I am not too comfortable with the plan to return to the old school year that begins in June. But the decision appears to have been taken.
On the basis of consultations, parents complained about sending their children to crowded classrooms in the hottest months of the year. That is not irremediable, of course. But it will take a sum we cannot currently afford to install climate controls in our school buildings.
The decision to move the start of school to late August or September was part of a larger scheme to synchronize our educational system with the rest of the world. Most countries operate on this schedule.
Filipino children, when they have to relocate to another country, are penalized by the loss of a year’s schooling. Too, with modern communication technologies, it should be possible to imagine cross-border schooling, with our students taking online courses with institutions abroad. Distance learning is quickly becoming the norm.
If it were not for that flawed constitutional provision restricting foreign educational institutions from setting up educational facilities here, we should have seen a flowering of educational joint ventures such as they have in neighboring countries. This would have enriched our educational offerings, attuned us to international standards and exposed our students to a more global schooling experience.
Some years ago, I became acquainted with a European group looking into the possibility of establishing a base here for producing television-based educational programs for all of Asia. It was a wonderful idea. It would create employment for thousands of our artists and educators.
But that idea was unconstitutional on two counts. Foreigners cannot own media establishments. They cannot invest in something that looks like an educational facility. The 1987 Constitution wanted to keep our people inward-looking.
Since that time, Korean pop and telenovelas rose to the prominence they enjoy now. Nothing affirms that nation’s culture more than the capacity of its economy to export its cultural creations.
By contrast, artistic production withered in this country, weighed down by a constitutional order that commands us to be inward-looking. We cannot export anything beyond bananas because our political economy is autarkic.
The decision to synchronize our school year with the rest of the world was a step towards internationalizing our education – and, by extension, our cultural production. It goes in tandem with the decision to add years to our secondary school program to match global standards.
Now we are moving backwards. Not only is the school year being adjusted back to what it was before, there is also mounting pressure to review the K-12 curriculum.
If our educational officials yield on the demand to shorten the K-12 program, that would be another step backwards. Our students will be lesser trained than their counterparts elsewhere. They will be less competitive. This will only worsen the fact that our basic education is turning a learning deficit.
In survey after survey, our students rank at the bottom in all areas of competence – from literacy to numeracy. This is not the top-caliber workforce need for the country to thrive in a globalized world.
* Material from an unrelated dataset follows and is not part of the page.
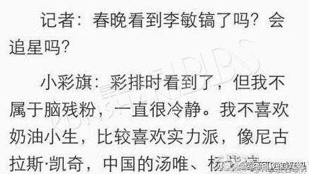 成名后的小彩旗,在一次采访中被问及李敏镐的时候。她说自己不迷恋,不属于“脑残粉”,因为这件事小彩旗被网友骂惨了,当时当红的李敏镐的粉丝骂口水战持续五个月。

How many able-bodied young Filipinos work as security guards?
I dare not count. It is a staggering amount of youth and talent wasted peeking into other people’s handbags. Yet, to be employed as security guard, two years of college is required.
Parents complain that the K-12 program adds to the cost of educating their children. But the whole point of building a strong senior high school curriculum is to make the child employable without having to go to college.
Maybe our decrepit educational system has failed to live up to that goal. But that is not a reason to stop trying.
We failed to accomplish certain things that might have brought our educational system up to grade. We have not solved the classroom shortage. This is the reason why our class sizes are too large and teaching effectiveness is constrained.
As our population becomes more urbanized, there is less land available for schools. This is why our elementary schools have become high-rises and students are forced into unholy shifts, the first one starting too early and the last one ending too late. This takes a larger toll on the wellbeing of our young and their ability to learn.
I was disheartened to hear some of our legislators say that basic education should continue to be reserved for Filipino investors even if the other restrictive economic provisions are liberalized. They fear that internationalizing our educational system will lead to a loss of “Filipino values” and, eventually, to loss of national identity.
This is such a parochial attitude. Schools are not supposed to serve the propaganda goals of fostering nationalism. They are there to teach skills, build citizens who are functional in every workplace. Knowing the multiplication table will be vastly more useful for the nation than knowing how many girlfriends Jose Rizal had.
All in all, it seems parochialism is now getting the upper hand in the formation of our educational policy. This will be self-defeating in the long run.
What do Filipinos do during the hottest months of April and May? They crowd the beaches to get more sun.
We may be past the decision point on this. But maybe we should have chosen to buy more electric fans and have smaller classes to help them thrive in the classroom instead of moving back the school year.